Exercise directions: The answer must consist solely of the lines from the opening line of the entries through the line with "この伸縮式ダイニングテーブル", transcribed exactly and without any pictures.

################

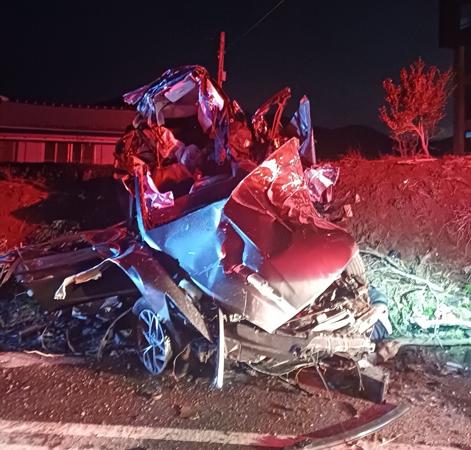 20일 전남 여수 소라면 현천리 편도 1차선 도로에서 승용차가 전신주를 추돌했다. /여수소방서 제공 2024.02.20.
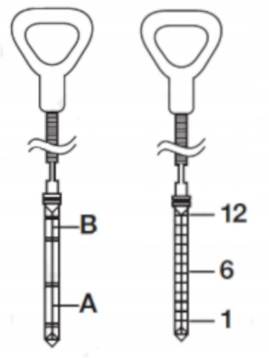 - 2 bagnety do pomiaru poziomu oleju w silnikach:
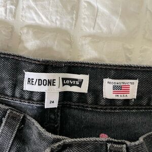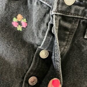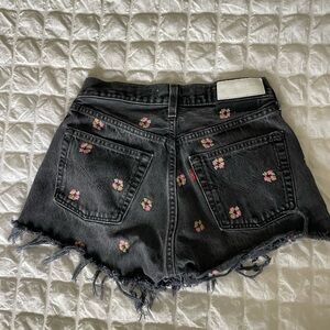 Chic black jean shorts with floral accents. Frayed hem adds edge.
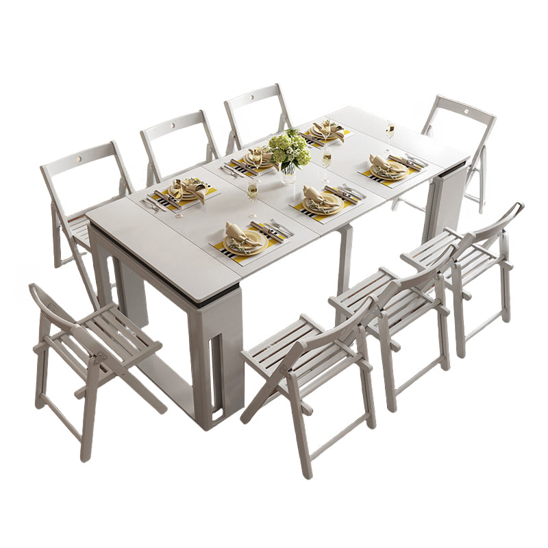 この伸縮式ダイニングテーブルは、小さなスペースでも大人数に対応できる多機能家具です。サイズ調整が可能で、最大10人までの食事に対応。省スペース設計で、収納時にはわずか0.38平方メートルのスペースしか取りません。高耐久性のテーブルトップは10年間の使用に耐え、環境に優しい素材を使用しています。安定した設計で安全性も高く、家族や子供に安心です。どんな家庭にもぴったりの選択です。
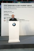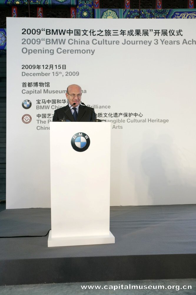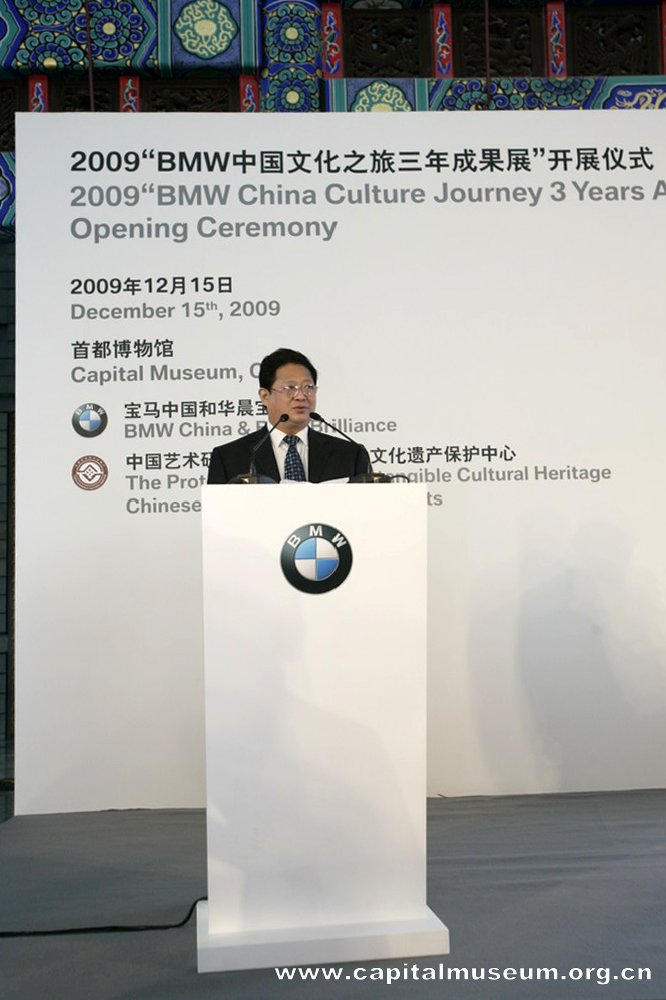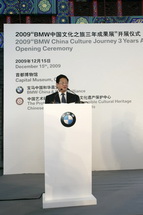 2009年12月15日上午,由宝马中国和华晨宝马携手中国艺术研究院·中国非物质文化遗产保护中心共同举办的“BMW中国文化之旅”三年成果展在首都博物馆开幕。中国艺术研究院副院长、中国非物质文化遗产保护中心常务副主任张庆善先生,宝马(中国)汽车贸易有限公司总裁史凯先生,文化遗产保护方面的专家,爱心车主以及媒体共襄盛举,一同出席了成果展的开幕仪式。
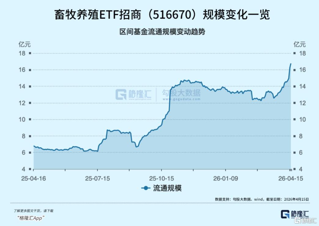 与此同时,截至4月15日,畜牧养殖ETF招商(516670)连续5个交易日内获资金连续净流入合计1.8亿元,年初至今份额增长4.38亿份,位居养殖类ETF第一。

################

Exercise output:
 20일 전남 여수 소라면 현천리 편도 1차선 도로에서 승용차가 전신주를 추돌했다. /여수소방서 제공 2024.02.20.
 - 2 bagnety do pomiaru poziomu oleju w silnikach:
 Chic black jean shorts with floral accents. Frayed hem adds edge.
 この伸縮式ダイニングテーブルは、小さなスペースでも大人数に対応できる多機能家具です。サイズ調整が可能で、最大10人までの食事に対応。省スペース設計で、収納時にはわずか0.38平方メートルのスペースしか取りません。高耐久性のテーブルトップは10年間の使用に耐え、環境に優しい素材を使用しています。安定した設計で安全性も高く、家族や子供に安心です。どんな家庭にもぴったりの選択です。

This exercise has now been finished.